Wie wichtig ist das Zeichnen und heute für Ihre Arbeit?

Architekturzeichnung und die gebaute Architektur gehen eine Symbiose ein und sind dennoch zwei autarke Bereiche. Auch die Zeichnung genießt den Fortbestand und ist unumgänglich, um das innere Wesen der Architektur zu beschreiben. Ebenfalls hatten Kenntnisse der Literatur und das Schreiben für Aldo Rossi eine wichtige Bedeutung. Sie werden ebenfalls in die Gedanken mit einbezogen. Bis heute schöpfe ich aus literarischen Ansätzen, um meine Entwurfsideen zu denken und zu beschreiben. Den Reichtum der Sprache übertrage ich auf die Sprache der Architektur. Denn ich bin mir sicher, dass sprachbegabte Architektur ein erfolgreicherer Ansatz ist als eine ausschließliche Reduktion aufs Wesentliche und Abstraktion, wie das bei vielen heute gebauten Projekten der Fall ist: nämlich eine Architektur als abstrakte Gebilde, die sich den Benutzern scheinbar nicht aufdrängen wollen und es dann doch in ihrer Leere und Belehrung tun.

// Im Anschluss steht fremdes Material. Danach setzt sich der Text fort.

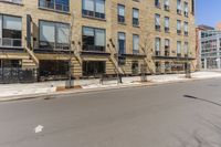 A modern condominium building in downtown Toronto, Ontario. The urban design features a combination of brick walls and glass windows. The road surface and curbs lead to the entry and driveway. City life in Canada captured in one image.

Sie sind mit Ihrem Büro in Zürich und in Berlin ansässig. Ein großer Teil Ihres Teams stammt aus Italien oder hat in Italien studiert. Welchen Einfluss hat das auf die Arbeit Ihres Büros?
 
Die Wahl, mit Mitarbeitern aus Italien zusammenzuarbeiten, hat ebenso etwas mit meiner Biografie zu tun. Menschen aus Italien bringen Vergangenes mit dem Heute auf eine unglaublich lockere Art zusammen. Das ist, am besten auf einer Reise durch Italien zu beobachten. Kirchen und Wohnhäuser, alt und neu, Natur und Gebautes, Kommerz und Besinnliches – alles trifft auf eine selbstverständliche Art und mit viel Respekt aufeinander, ohne sich gegenseitig zu stören oder auszugrenzen.

Das neue Stadtschloss steht bald vor der Fertigstellung. Wie hätten Sie sich den Bau vorgestellt? Ihr Büro hat 2002 am Wettbewerb teilgenommen.

Mein Beitrag für das Stadtschloss sah ausschließlich eine Freilegung der Fundamente unterhalb der asphaltierten Fläche vor und lediglich eine Ergänzung aus den noch immer vorhandenen Schutttrümmern, sodass eine Ruine innerhalb einer grünen Parkanlage mit kulturellen Freiluftmöglichkeiten errungen worden wäre. Mein Ziel war es, in dem Beitrag – auch wenn ich einen Abriss des Palastes der Republik vorgeschlagen hatte – in Form einer Ruine eine etwas weniger dominante Haltung gegenüber der Geschichte zu propagieren.

Welche Bauten in Berlin finden Sie besonders gelungen und welche weniger?

Auf diese Frage gebe ich eine Literaturempfehlung. Lesen Sie die Lektüre von Alain de Botton „Glück und Architektur“! Der Untertitel lautet: „Von der Kunst, daheim zu Hause zu sein“.